NASA has released the 1,00,000th image of Mars captured by the Mars Reconnaissance Orbiter (MRO). Shared on Tuesday, the picture features the Syrtis Major region about 80 kilometres southeast of Jezero Crater, the exploration site of Perseverance rover. NASA says the image was captured on October 7 as MRO is nearing 20 years of its operations. It was taken using the High Resolution Imaging Science Experiment (HiRISE) camera from an altitude of between 250-300 kilometres, and shows mesas (flat-topped hills) and dunes of Syrtis Major in great detail.

“HiRISE hasn’t just discovered how different the Martian surface is from Earth, it’s also shown us how that surface changes over time,” Leslie Tamppari, MRO’s project scientist at NASA’s Jet Propulsion Laboratory (JPL), said in a statement. “We’ve seen dune fields marching along with the wind and avalanches careening down steep slopes.”
According to NASA, scientists are analysing the latest image to better understand the source of windblown sand that gets trapped in the region’s landscape and eventually form dunes.
And you thought it was hard to scroll through all the photos on your phone…

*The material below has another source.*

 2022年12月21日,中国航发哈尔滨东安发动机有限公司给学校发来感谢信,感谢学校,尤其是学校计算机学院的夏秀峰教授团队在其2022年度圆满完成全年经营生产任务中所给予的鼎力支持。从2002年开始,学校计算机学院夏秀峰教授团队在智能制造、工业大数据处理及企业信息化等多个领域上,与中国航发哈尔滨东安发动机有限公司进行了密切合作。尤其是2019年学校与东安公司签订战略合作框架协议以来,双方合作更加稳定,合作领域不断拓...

NASA’s Mars Reconnaissance Orbiter has snapped its 100,000th image of the surface with its HiRISE camera. More on this milestone image: https://t.co/71CuPgO1Ep pic.twitter.com/4IBr7sNGQ3
— NASA Mars (@NASAMars) December 16, 2025
The agency has also shared a highlight of best images captured by HiRISE that has snapped features ranging from impact craters, sand dunes, and ice deposits to potential landing sites on the Martian surface.
About NASA’s Mars Reconnaissance Orbiter
The orbiter was launched in August 2005 and it entered the Martian orbit in 2006. It is NASA’s second oldest spacecraft orbiting the red planet after Mars Odyssey which is active since 2001. MRO was built to investigate the history of water on Mars. Using its suite of instruments, it photographs the Martian surface, analyses minerals, hunts subsurface water, traces the distribution of atmospheric dust and monitors daily global weather.
The MRO serves another purpose as a data relay platform. It relays data between Perseverance and Curiosity rovers on the Martian surface and Earth using its high gain antenna. Most recently, the mission team at JPL turned the HiRISE camera toward interstellar comet 3I/ATLAS as part of a wider surveillance project.